What is the best way to hatch folds?
If you draw with a pencil and use separate strokes for rendering tonal values, the more you use cross-contours and apply hatching along those contours, the more information you can deliver about every fold and wrinkle. For example, here is the border of shadow on the model's shoulder. We can render it with multiple strokes. Each stroke goes cross-wise. Here's another place on the shoulder where the strokes follow the direction of the cross-contours. Whatever area you hatch, you can apply pencil strokes along the contours. That is why marking the cross-contours of wrinkles is so helpful. Do not be afraid of drawing contours. They can be easily diffused in multiple pencil strokes and disappear as stand-along lines. Make accents on borders between the planes where surfaces change their directions. As long as you follow the curvature and direction of contours, rendering will look descriptive, and the shapes of wrinkles will be believable. In places where one wrinkle fuses into another, the direction of contours will change, and so will the direction of strokes. In such places, you need to combine several directions of strokes that belong to different wrinkles. This presents an additional challenge, which is why rendering wrinkles is a rather slow process. At the same time, rendering the tonal values of draperies is a great exercise to develop your drawing skills.

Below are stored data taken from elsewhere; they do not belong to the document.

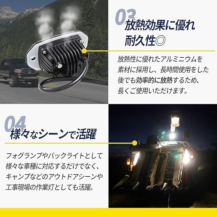フォグランプ LED作業灯 作業用 後付け 埋め込み 20W ワークライト 防水 防塵 赤 黄 白 バックライト 重機 前照灯
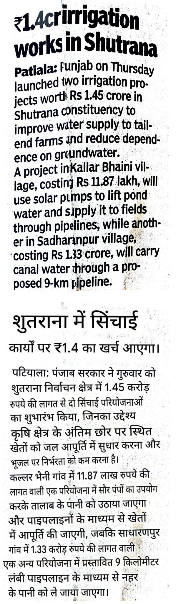 ₹1.4 crore irrigation works launched in Shutrana.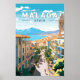 Design de viagem de vetor retrô de Málaga. Escondida ao longo das margens do sul da Espanha, beijadas ao sol, Málaga acena os viajantes com sua cativante mistura de história rica, cultura vibrante e beleza natural impressionante.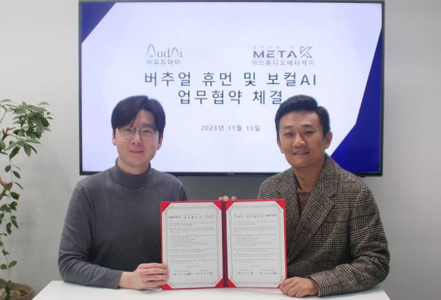 드라마 및 버추얼 휴먼 콘텐츠 제작사 스튜디오메타케이(대표 김광집)와 보컬 생성 AI 스타트업 오드아이(대표 최순범)는 버추얼 휴먼의 보컬 AI 생성 및 음악 창작 시장의 경쟁력 확보를 위해 업무협약(MOU)을 체결했다고 밝혔다.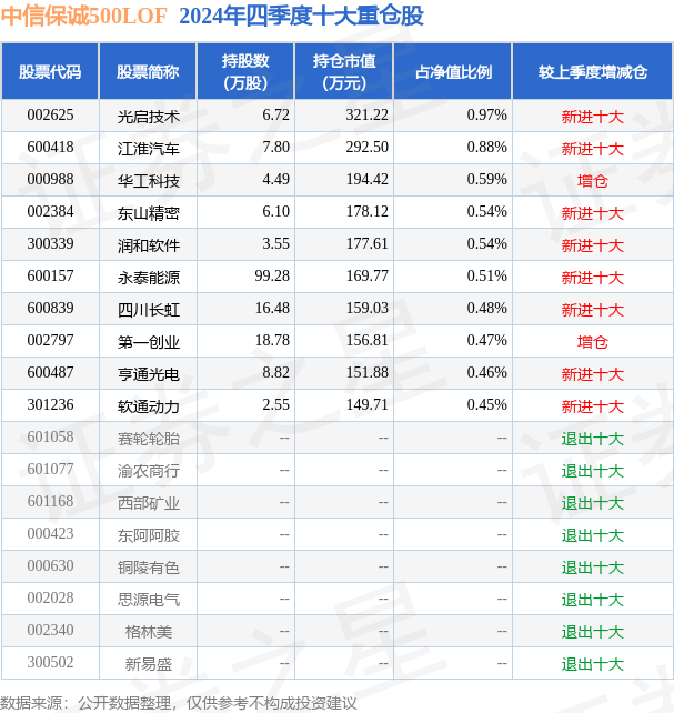 中信保诚500LOF为指数型-股票基金,根据最新一期基金季报显示,该基金资产配置:股票占净值比94.26%,债券占净值比1.52%,现金占净值比4.54%。基金十大重仓股如下: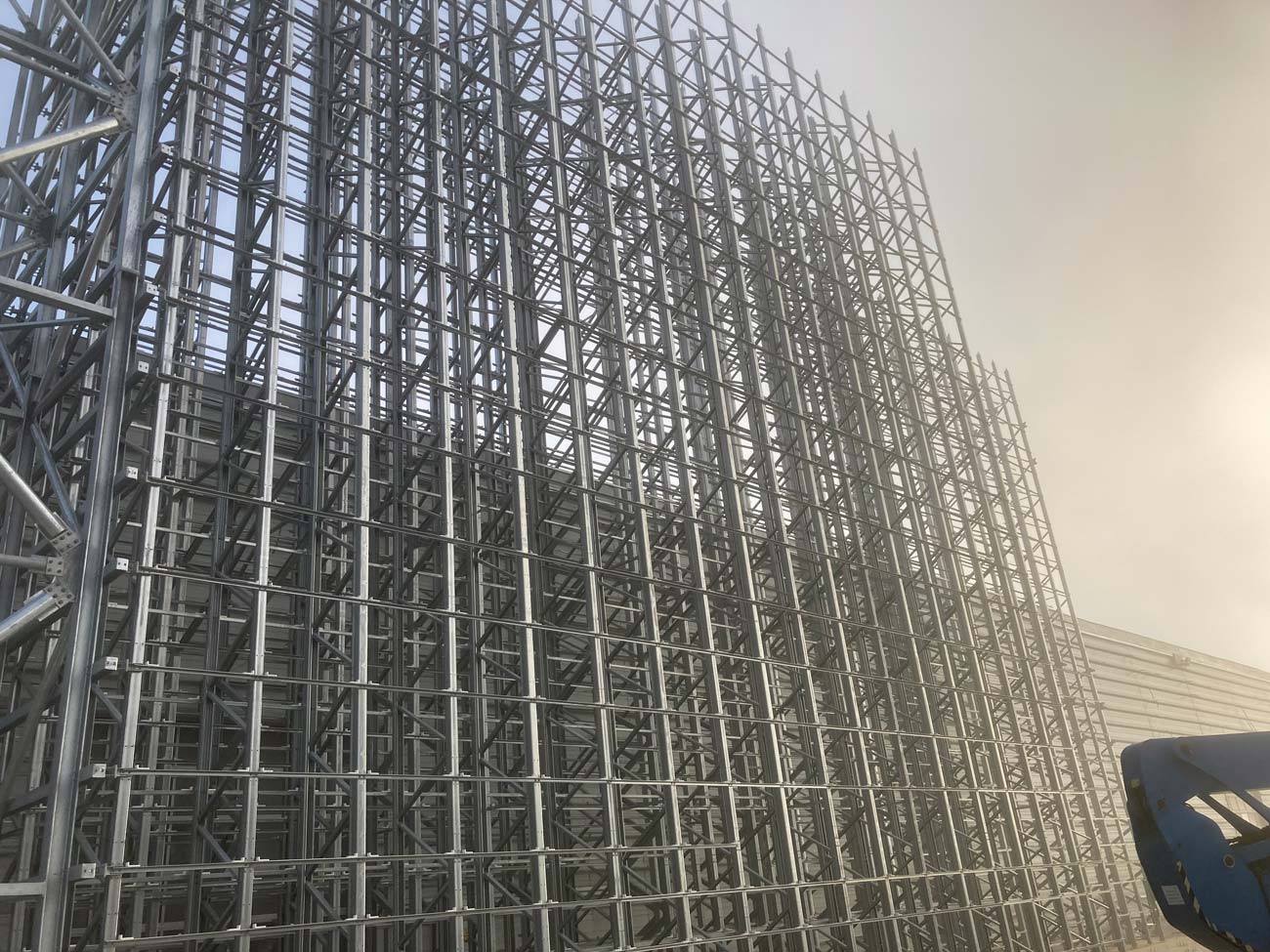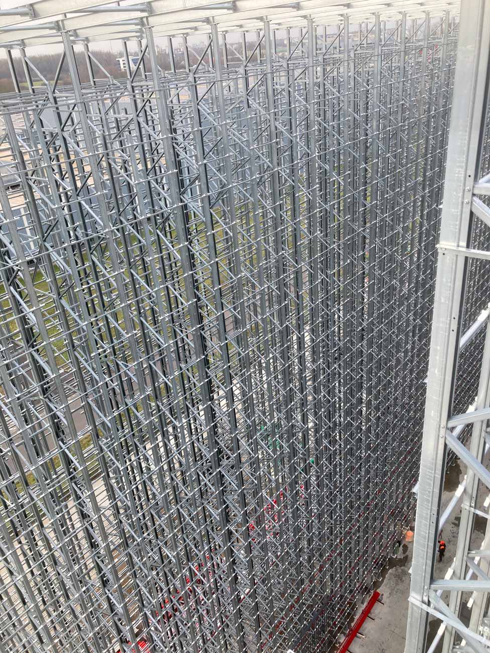 Zuvor waren 70.000 Stahlstäbe mit 300.000 Schrauben verbunden und das Regal auf mehr als 6 Tonnen Vergussmörtel aufgestellt worden.

When rendering tones in multiple layers, you can change the angle of strokes to achieve cross-hatching. Avoid a 90-degree angle, though. It is better to use 15- to 60-degrees angles. A cross-hatching angle should exaggerate a three-dimensional shape rather than flatten it. I will explain this principle using a cube as an example. Two sides of a cube can be rendered along their horizontal contours. You may also apply a second layer of strokes, this time cross-hatching at another angle. Such an approach emphasizes the geometry of the cube. However, not every angle of hatching is suited for the job. For example, if the second layer of cross-hatching is done at the wrong angle, it will flatten the object. So instead of revealing three-dimensional shape, we could diminish it if rendering is not done properly. This principle is one of the main rules when it comes to rendering draperies using cross-hatching. To emphasise the direction of planes, we can add cross-hatching using suitable angles between strokes.
How to depict cloth?
There is one secret. A cloth is made of threads. A thread, depending on the material it is made of, has different reflecting qualities. If a cloth is absorbing light, then when it is folded, the edge will not have a highlight. However, a highly reflective cloth, like silk, has sharp highlights on folds. This is the same as when drawing metal objects. For example, a shiny cylinder will have highlights and reflected light in sharp contrast with the shadows. Such contrast suggests that the metal surface reflects light well. The same is true for threads. Silky threads, like metal cylinders, will have sharp contrasts between light and shadows. Fabric made of such reflective threads would also have strong tonal contrasts in every wrinkle and fold. Highlights are important part of tonal rendering. If your rendering is soft and gradual, you can use an eraser to make sharp highlights and create an appearance of silky texture. Highlights can be on the top of the hills as well on the bottom of the valleys of wrinkles. However, to render a velvety, non-reflective cloth, you should avoid making sharp contrasts and highlights.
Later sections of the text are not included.